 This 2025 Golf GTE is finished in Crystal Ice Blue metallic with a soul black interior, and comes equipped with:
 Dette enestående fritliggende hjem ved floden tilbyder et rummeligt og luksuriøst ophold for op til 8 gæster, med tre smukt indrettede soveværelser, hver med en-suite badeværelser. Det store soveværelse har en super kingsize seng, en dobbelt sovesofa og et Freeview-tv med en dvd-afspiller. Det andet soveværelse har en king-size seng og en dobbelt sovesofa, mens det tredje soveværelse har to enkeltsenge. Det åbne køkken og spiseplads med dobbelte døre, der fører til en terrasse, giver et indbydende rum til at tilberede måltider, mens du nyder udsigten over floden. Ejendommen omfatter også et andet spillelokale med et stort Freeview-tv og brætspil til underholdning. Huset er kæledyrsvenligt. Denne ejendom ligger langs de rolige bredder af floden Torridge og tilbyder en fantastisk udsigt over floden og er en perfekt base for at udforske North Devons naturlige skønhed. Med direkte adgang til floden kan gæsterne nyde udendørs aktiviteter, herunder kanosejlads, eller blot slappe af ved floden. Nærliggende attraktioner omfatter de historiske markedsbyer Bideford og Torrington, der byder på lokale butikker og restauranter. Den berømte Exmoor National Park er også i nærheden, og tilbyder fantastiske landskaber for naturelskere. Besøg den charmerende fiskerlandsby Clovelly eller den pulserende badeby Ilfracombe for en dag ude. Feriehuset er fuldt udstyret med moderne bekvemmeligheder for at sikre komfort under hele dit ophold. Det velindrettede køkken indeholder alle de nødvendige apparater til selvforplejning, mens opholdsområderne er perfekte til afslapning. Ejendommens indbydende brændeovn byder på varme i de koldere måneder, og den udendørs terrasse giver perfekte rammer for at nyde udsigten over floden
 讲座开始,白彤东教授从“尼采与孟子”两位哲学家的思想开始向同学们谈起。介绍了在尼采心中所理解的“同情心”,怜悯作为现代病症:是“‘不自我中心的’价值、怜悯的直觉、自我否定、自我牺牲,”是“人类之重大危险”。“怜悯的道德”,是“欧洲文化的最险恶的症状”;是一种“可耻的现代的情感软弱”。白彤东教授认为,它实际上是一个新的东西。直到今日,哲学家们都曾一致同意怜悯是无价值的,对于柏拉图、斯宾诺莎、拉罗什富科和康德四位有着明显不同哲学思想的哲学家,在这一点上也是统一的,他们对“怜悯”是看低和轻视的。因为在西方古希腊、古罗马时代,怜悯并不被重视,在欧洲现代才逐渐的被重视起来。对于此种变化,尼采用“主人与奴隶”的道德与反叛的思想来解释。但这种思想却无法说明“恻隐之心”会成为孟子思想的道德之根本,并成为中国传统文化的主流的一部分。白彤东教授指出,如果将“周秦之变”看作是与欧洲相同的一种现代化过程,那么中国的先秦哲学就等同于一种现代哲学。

* * *

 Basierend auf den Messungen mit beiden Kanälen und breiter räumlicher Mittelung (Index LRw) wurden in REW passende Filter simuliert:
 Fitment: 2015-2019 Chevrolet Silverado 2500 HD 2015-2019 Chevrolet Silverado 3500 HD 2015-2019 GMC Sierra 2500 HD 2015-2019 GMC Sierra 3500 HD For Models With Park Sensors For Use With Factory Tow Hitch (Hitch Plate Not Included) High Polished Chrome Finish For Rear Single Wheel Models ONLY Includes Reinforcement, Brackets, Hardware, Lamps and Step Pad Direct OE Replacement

--

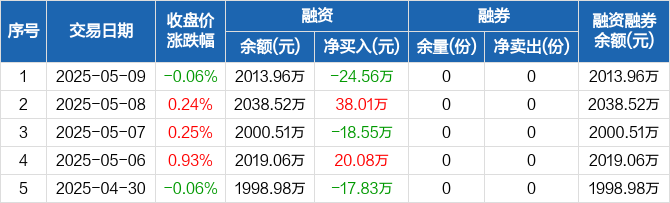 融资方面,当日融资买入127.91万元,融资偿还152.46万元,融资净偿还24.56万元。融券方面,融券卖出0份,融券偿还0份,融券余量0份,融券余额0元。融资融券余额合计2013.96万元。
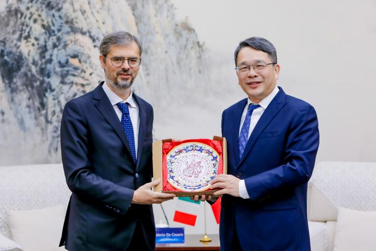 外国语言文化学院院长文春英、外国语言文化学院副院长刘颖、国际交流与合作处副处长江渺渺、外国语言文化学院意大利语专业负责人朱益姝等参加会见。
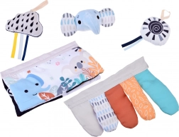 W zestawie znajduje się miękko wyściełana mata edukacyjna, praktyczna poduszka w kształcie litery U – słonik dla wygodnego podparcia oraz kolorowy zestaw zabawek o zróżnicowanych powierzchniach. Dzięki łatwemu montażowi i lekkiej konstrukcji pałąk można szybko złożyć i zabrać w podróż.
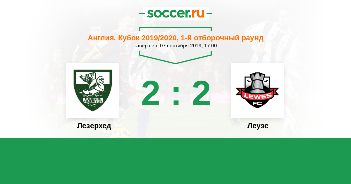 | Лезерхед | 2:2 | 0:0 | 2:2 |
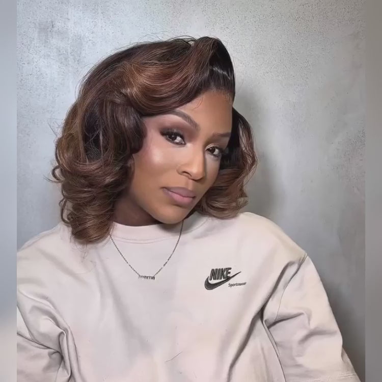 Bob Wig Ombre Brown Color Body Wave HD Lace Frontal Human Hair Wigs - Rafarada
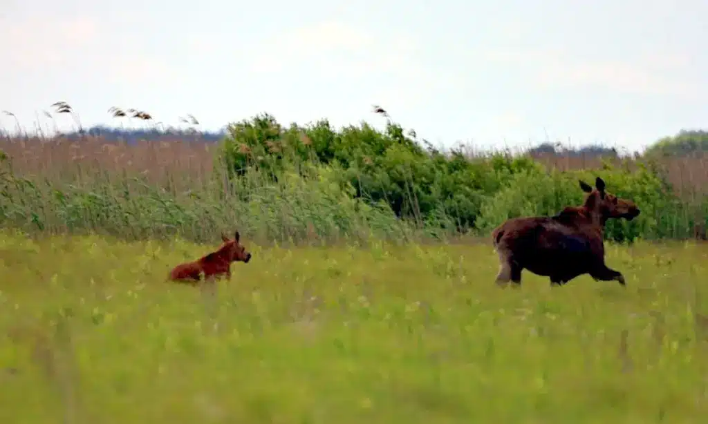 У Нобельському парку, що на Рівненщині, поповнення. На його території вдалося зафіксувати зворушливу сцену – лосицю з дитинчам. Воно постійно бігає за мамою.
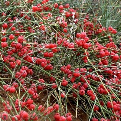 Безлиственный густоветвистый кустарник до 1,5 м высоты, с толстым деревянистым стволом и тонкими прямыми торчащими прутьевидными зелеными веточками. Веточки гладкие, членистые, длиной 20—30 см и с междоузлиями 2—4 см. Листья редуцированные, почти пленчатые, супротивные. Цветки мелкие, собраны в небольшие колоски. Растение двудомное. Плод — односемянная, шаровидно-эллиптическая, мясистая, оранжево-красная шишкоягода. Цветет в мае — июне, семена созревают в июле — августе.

## Your task
Your answer is the exact run of lines above from the one with "Bob Wig Ombre" through the one with "У Нобельському парку, що", both ends included, minus any picture.

## Answer space
 Bob Wig Ombre Brown Color Body Wave HD Lace Frontal Human Hair Wigs - Rafarada
 У Нобельському парку, що на Рівненщині, поповнення. На його території вдалося зафіксувати зворушливу сцену – лосицю з дитинчам. Воно постійно бігає за мамою.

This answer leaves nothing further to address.